= Adolphe Jacquies =

Newspaper publisher and trade unionist (c. 1798 – 1860)

Adolphe Jacquies (c. 1798 - 30 January 1860) was a Canadian shopkeeper, printer, trade unionist, and newspaper publisher in Quebec City.

Born in Bordeaux, he immigrated to Quebec City sometime before 1826. In 1836, he reorganised the Quebec City printers into the Canadian Typographical Union. He became a typographer in 1837 and published a newspaper called Le Fantasque. In 1839, he was arrested for printing a poem in the paper and released afterwards with health complications. He continued printing newspapers and wrote editorials for the Canadian Colonist and Commercial Advertiser. His views were sympathetic to the Parti Patriote and liberal causes. He died in Quebec City.

==Early life==

Jacquies was born in Bordeaux, France, c. 1798. His father was Hilaire-Jacob Jacquies and his mother was Adélaïde Prahm. Jacquies immigrated to Quebec City sometime before 1826 and opened a confectionery business.

In 1836, Jacquies helped to reorganise the printers in Quebec City into a union, which was eventually called the Canadian Typographical Union. Jacquies convinced 66 members from twelve workshops to join the union and served as its president. The union disbanded eight years later.

==Printing career==

Jacquies became a typographer and beginning in 1837, he printed the weekly Le Fantasque paper for Napoléon Aubin. In 1839 he was arrested and his press seized for printing a poem in Le Fantasque by Joseph-Guillaume Barthe called Aux exilés politiques canadiens. Jacquies was released later that year after several doctors requested his release. His health was negatively affected by his time in prison, and he struggled with mobility issues for the rest of his life. His printing equipment was returned to him later that year in a damaged condition. In 1852, he was awarded £100 from the rebellion losses commissioners for his treatment during his imprisonment.

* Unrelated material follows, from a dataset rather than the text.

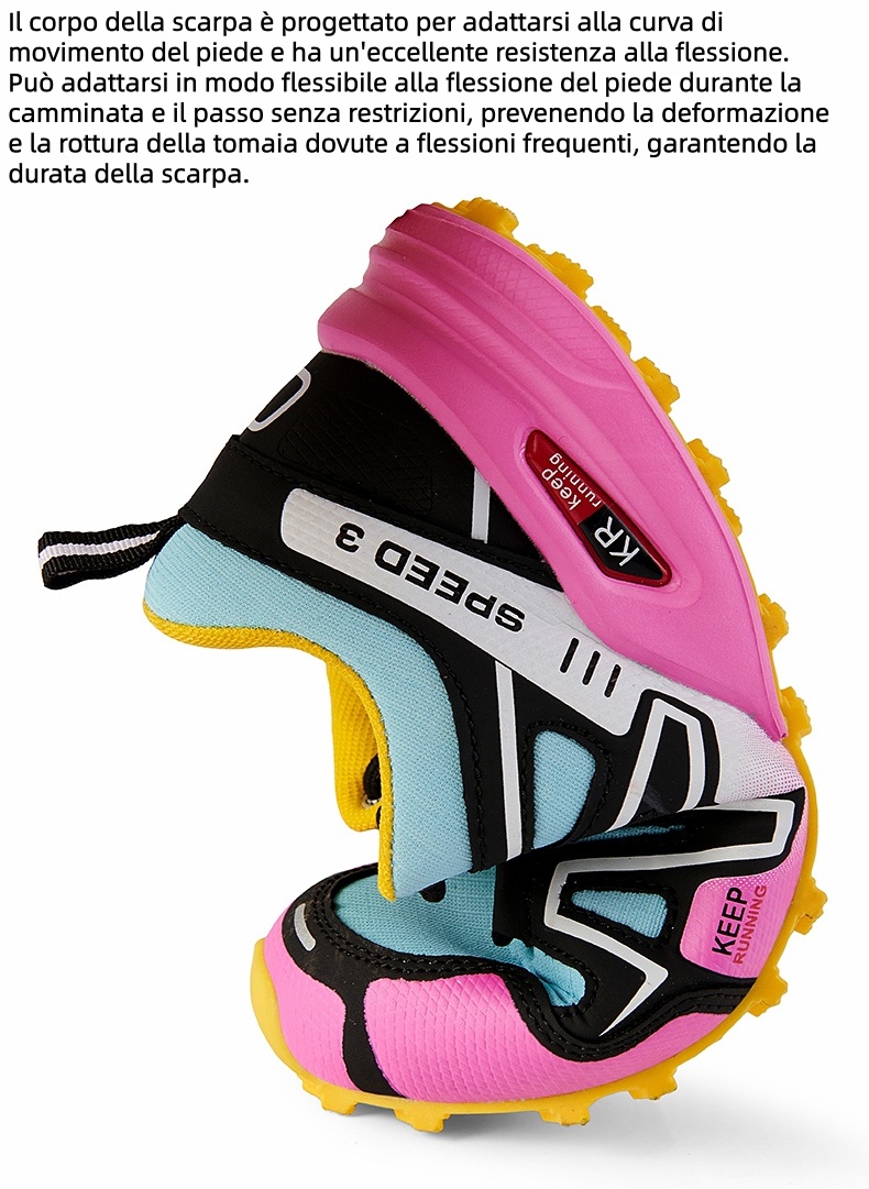 Funzionalità e flessibilità si fondono. Le scarpe Renmiix® sono realizzate con materiali che si adattano perfettamente ai movimenti naturali del piede. La suola antiscivolo offre supporto e flessibilità, rendendole adatte a una varietà di superfici e attività.

Following his release, he started publishing the Canadian Colonist and Commercial Advertiser. The bi-weekly English paper was published for two years. Although most articles in the paper were reprints from other papers, it also contained editorials written by Jacquies. The paper was against the Act of Union that united Upper Canada and Lower Canada into the Province of Canada: the paper published that the process for the province's creation was undemocratic and created a larger civil service. The paper also denounced England's pursuit of free trade policies, believing that Canada needed preferential treatment for England to buy its timber so that they could afford to buy England manufactured goods.

In 1841 Jacquies acquired a Conservative newspaper called British North American and renamed it to the Quebec Argus. He also printed the Quebec Times, another Conservative newspaper. He may have moved to Montreal during this time, as his wife died there in 1847.

==Personal life, ideology, and death==

Jacquies married Catherine Ponsy in Quebec City on 10 June 1828. They had nine children.

Jacquies was sympathetic to the Parti Patriote, a Francophone liberal party. He promoted workers' rights and liberal ideological ideas including responsible government and unions for workers.

He died in Quebec City on 30 January 1860.